For many centuries, goats have been one of the most reliable and hardy animals ever to be domesticated by humans. A popular source of meat and milk, goats can breed and thrive in the most unfavorable environments and remain productive for many years. However, as sturdy and robust as these animals are, they also need proper care to protect them against diseases.
Goats, like other animals, can succumb to a number of diseases – some more serious and dangerous than others. As a caretaker, it is your responsibility to be well-informed about the most common issues that affect goats’ health. These include:
Coccidia is a type of goat parasite that lives in the intestinal tract. An infection of coccidia is called coccidiosis and its most common symptoms include bloody, foamy diarrhea and a dry, dull coat. In some cases, symptoms may be absent.
Coccidia commonly affects young kids starting at around four months old or even younger. Infected kids often do not grow as fast as expected. If you suspect that some of your young goats are infected, a stool sample examination by a veterinarian will help you make a clear diagnosis. Fortunately, coccidiosis can be treated effectively with medications.
Ketosis is also called pregnancy toxemia. It is a condition that occurs in pregnant does that affect their balance and muscle control. It can also cause depression and lack of appetite. It usually affects does who are overweight or carrying more than one kid.

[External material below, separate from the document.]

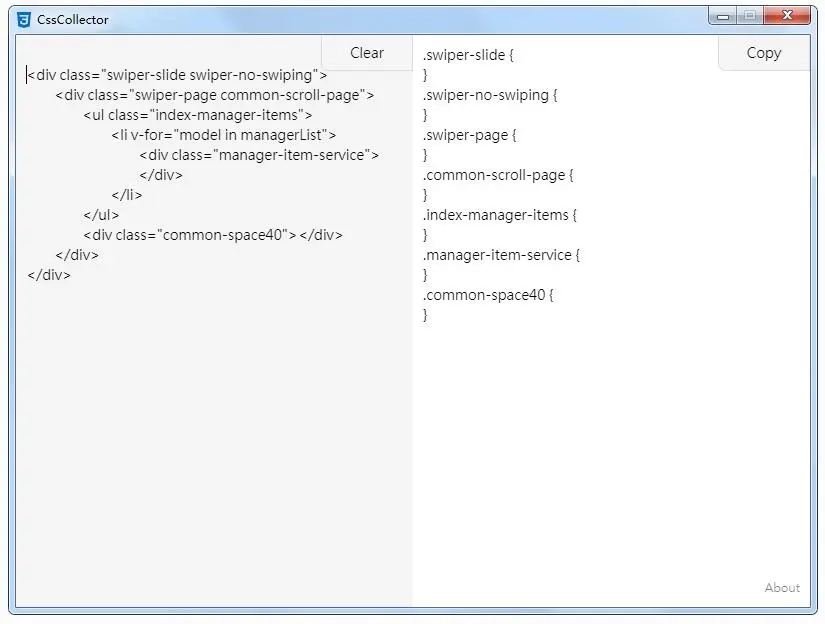工具叫CssCollector,可以快速拾取HTML中样式的类名,节省开发时间和精力

Ketosis occurs when the doe’s body cannot sufficiently supply the sudden energy demand of a new fetus. The lack of appetite in the mother goat can also exacerbate the condition.

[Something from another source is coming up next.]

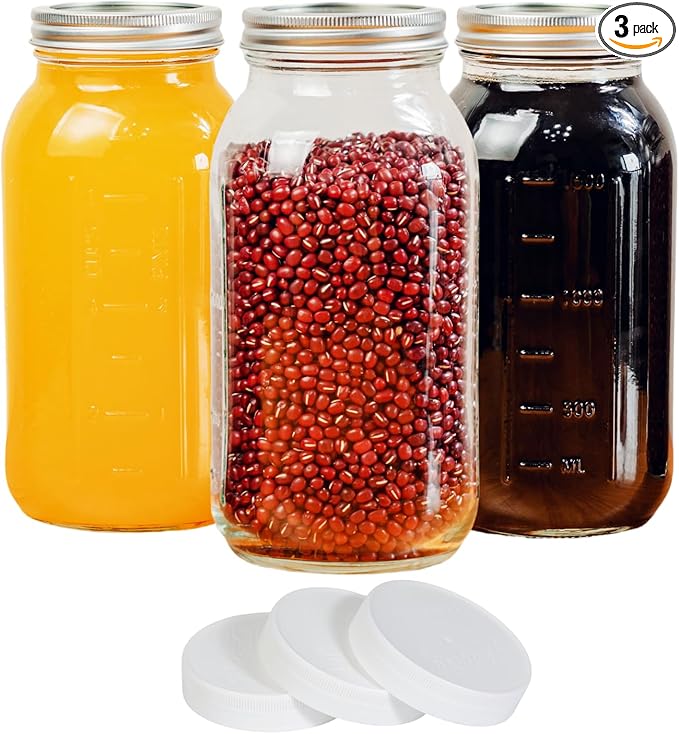 - Smart Design for Convenience – Measurement markings eliminate guesswork; Plastic lids create airtight storage while canning lids ensure proper preservation; Large capacity reduces frequent refills

To diagnose the condition, a urine test may be performed to check for high levels of ketone. This toxic by-product increases in the doe’s body when she metabolizes fat too quickly.
The common treatment for ketosis is a daily dose of 2-3 ounces of propylene glycol given twice daily. The doe’s diet must also be monitored carefully so she does not gain too much weight while pregnant. It is also advisable to give the doe 1-2 lbs. of grain with the doe’s regular diet of hay during the last 30 days of her pregnancy.
CAE (Caprine Arthritis Encephalitis)
CAE is a transmissible disease caused by a virus. It is usually passed on by adult goats to young goats by direct contact or through milk by ingestion. This disease is characterized by loss of appetite and rear leg weakness. In time, the infected young goat loses muscle strength in its unused legs and eventually dies.
Among older goats, CAE may manifest as swollen joints, particularly in the knees. It is a slow-developing disease. Sometimes, it can take as long as two years for an infected goat to start having difficulty in controlling its leg functions.
Unfortunately, CAE cannot be treated but it can be prevented. To ensure that young goats are not affected, they should be isolated immediately after they are born and raised on pasteurized goat’s milk. It is also a good idea to buy only goats that are not infected by CAE.
Mastitis is a disease caused by a bacterial infection. It is characterized by swollen and painful mammary glands that are hot to the touch. There may also be some discoloration in the tissue on and around the glands and the infected goat may produce abnormal milk.
Mastitis is usually common among goats that are treated roughly and subjected to unsanitary milking practices. The best preventative measures against mastitis is to ensure that the animal’s udders are washed prior to milking, and treated with teat dips after. Goats must only be handled with clean hands to prevent bacterial contamination. If a goat is infected, veterinary treatment must be sought immediately since mastitis may be caused by different bacteria strains. The disease is fatal or the doe may lose its udder if it remains untreated.